Era castellana, hablaba mezclando las dos lenguas, a todo el que la conocía le hacía gracia eso.

Murió en casa de mis padres al amanecer. Nunca había tocado a una persona muerta, y ese día lo hice. Seguía con su pijama, claro, esperábamos a los de la funeraria. Y pude estar un ratín con ella mientras.

Para nada nos entristecimos, para nada. Nos dejó sensación de paz. Eso era, paz.

Ah, se llamaba Amelia. Qué cosas (yo sé por qué lo digo).

lunes, 6 de julio de 2009

Seda

Las historias se hacen de días importantes, de hechos importantes, de días relevantes, de hechos relevantes.
En una vida de 30.000 días sólo un puñado de ellos merecen su recuerdo. En días de 24 horas y semanas de siete días, solo unos minutos valen la pena la gran mayoría de veces.

Cuando leo este tipo de novelas basadas en "toda una vida", mi frustración y ansiedad desaparecen mágicamente. Esperar, esperar, esa es la palabra, esa es la clave. Viviendo, escribiendo a mano despacio, hablando menos, caminando más lentamente de lo que es habitual en uno.

Ver la vida como algo más largo de lo que pensamos, aunque tengamos la sensación de estar tocando fondo, de ese "no tengo remedio", de ese "no tiene remedio".

Lo que sea para uno llegará si es que ha de llegar, sin forzar, sólamente esperando, respirando más profundamente, hablando menos, contando menos cosas tontas, la mayoría de veces intrascendentes e innecesarias.

Con paciencia.

Baldabiou siguió escuchando, en silencio, hasta el final, hasta el tren de Eberfeld.
No pensaba en nada.
Escuchaba.

Le hizo daño oír, al final, cómo Hervé Joncour decía en voz baja:

-Ni siquiera llegué a oír nunca su voz.
Y al cabo de un momento:

-Es un dolor extraño.

En voz baja

-Morir de nostalgia por algo que no vivirás nunca.

sábado, 4 de julio de 2009

Palabras borrosas

¿Qué imagen transmitimos a los demás? ¿Por qué actuamos torpemente ante algunas personas vez tras vez, quedándonos con la sensación de haber metido la pata y haber sido desafortunados con nuestros comentarios? ¿Por qué en cambio con otras personas siempre parece que damos la talla? ¿Es la opinión que creemos que tiene de nosotros nuestro interlocutor la que determina la sensación que nos produce la interacción con esa persona? ¿Por qué ante determinada gente estamos en nuestra salsa (no hablo de un face to face, sino de un grupo), y ante otros nos sentimos como adolescentes patosos que no saben qué decir? Y sobre la química... ¿no se supone que es algo entre dos? ¿y qué pasa cuando sólo hay en una sola dirección? ¿es menos química esa?

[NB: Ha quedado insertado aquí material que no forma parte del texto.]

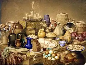 Contrary to the common practice of her day, Mary Ellen Best was interested in portraying domestic life in her paintings, including families at tables, kitchens, and domestic workers.[4] She painted a number of water-colour images of her home in Castlegate, York, including interior portraits of the drawing room, dining room (painted in 1838), and one of herself working in her painting room. She also painted other houses including the drawing room of Naburn Hall, which was then home to George Palmes. After marrying Johan Anton and moving to Nuremberg, Frankfurt, Worms, and Darmstadt, she continued to paint the houses they lived in.[3]

Si una imagen vale más que mil palabras... ¿puede esa imagen valer más que un trillón de letras entremezcladas? Se me hace difícil pensar eso, y sin embargo todavía me viene a la mente mi amiga "la ligona", con la boca siempre cerrada, y a ese noviete que tuvo un verano confesándome que no le molestaba mi presencia (ese verano hice de farol, sí :$), sino más bien al contrario, que prefería que estuviera yo para poder hablar (sic).

Sí, muy guay todo, pero en ese caso la imagen tuvo más valor que todas mis palabras (hay que joderse cómo se nos quedan algunas cosas grabadas). Mucha belleza interior, pero creo que esa solo se aprecia cuando maduras, no antes.

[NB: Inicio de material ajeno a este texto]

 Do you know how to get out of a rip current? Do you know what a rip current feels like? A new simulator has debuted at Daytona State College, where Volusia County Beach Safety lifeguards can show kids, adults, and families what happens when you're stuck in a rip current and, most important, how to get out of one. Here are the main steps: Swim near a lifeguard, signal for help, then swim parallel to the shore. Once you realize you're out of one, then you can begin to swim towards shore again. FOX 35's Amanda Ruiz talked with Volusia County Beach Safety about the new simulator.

Y es mejor que ahora calle :D.

No hay espejo que mejor refleje la imagen del hombre que sus palabras
(Joan Lluís Vives)

jueves, 2 de julio de 2009

Una mirada tendiendo a infinito

Necesito sentarme en el suelo, en un lugar donde, mire hacia donde mire, haya al menos cincuenta metros sin nada.

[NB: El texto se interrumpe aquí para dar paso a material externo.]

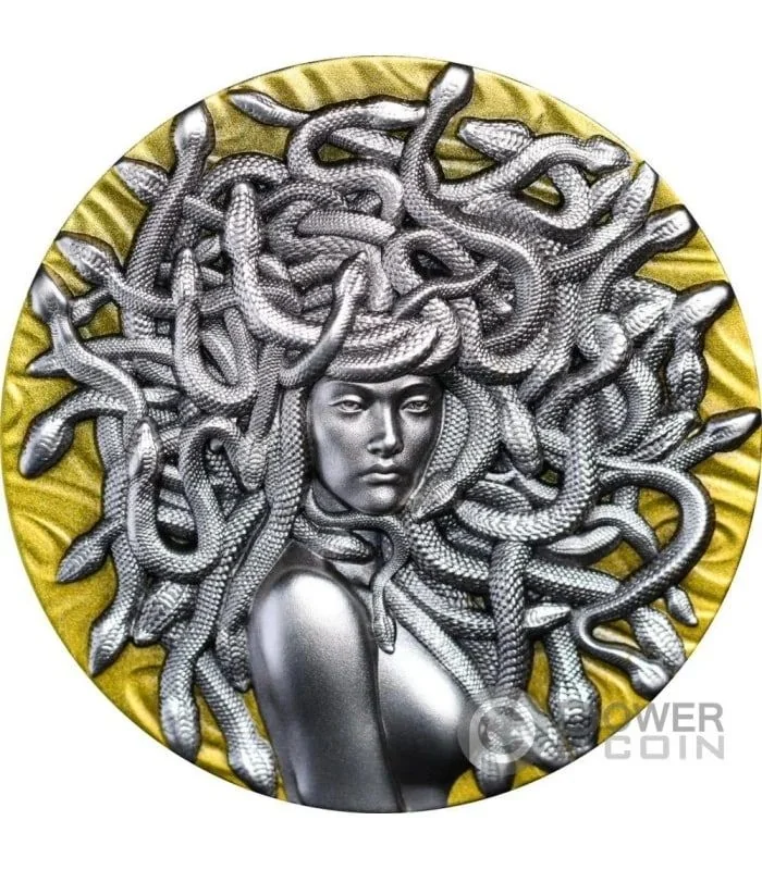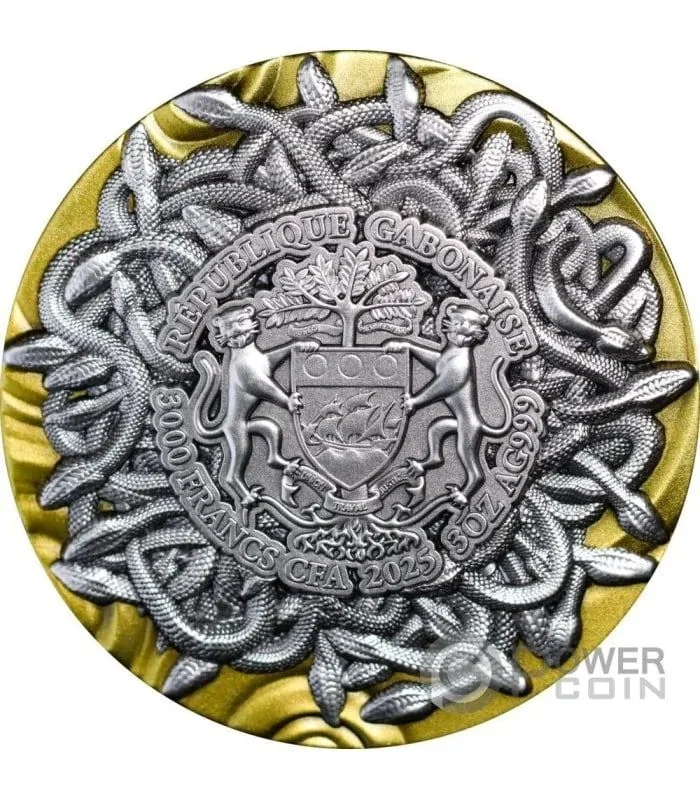 Description: Obverse: Medusa's snakes detail, Gabon's Coat of Arms, with inscriptions "REPUBLIQUE GABONAISE," "3000 FRANCS CFA," "2025," "3OZ Ag999."

Los agricultores son el colectivo con menos incidencia de miopía. Porque miran a lo lejos, porque sus miradas tienden a infinito, y de hecho, mirar a los pájaros es un buen ejercicio para la vista, si no para mejorarla (que puede que también), al menos para relajarla y no dejar que se vicie de mirar siempre de cerca.

Necesito también una velada que no sea alrededor de una mesa, ni en una terraza, ni en una cama...

Sentarme en el suelo, y, a falta de una armónica, escuchar al menos una guitarra.

No me importaría oír solamente otra voz aparte de la mía. Parece que, poco a poco, voy tomando conciencia de que eso de "cuantos más, mejor", no siempre es así, no tiene por qué serlo,y aunque para mí siempre fue mejor que hubieran diez a tres, ahora no me importaría...

... y pensándolo bien, tampoco importa demasiado si no hay guitarra.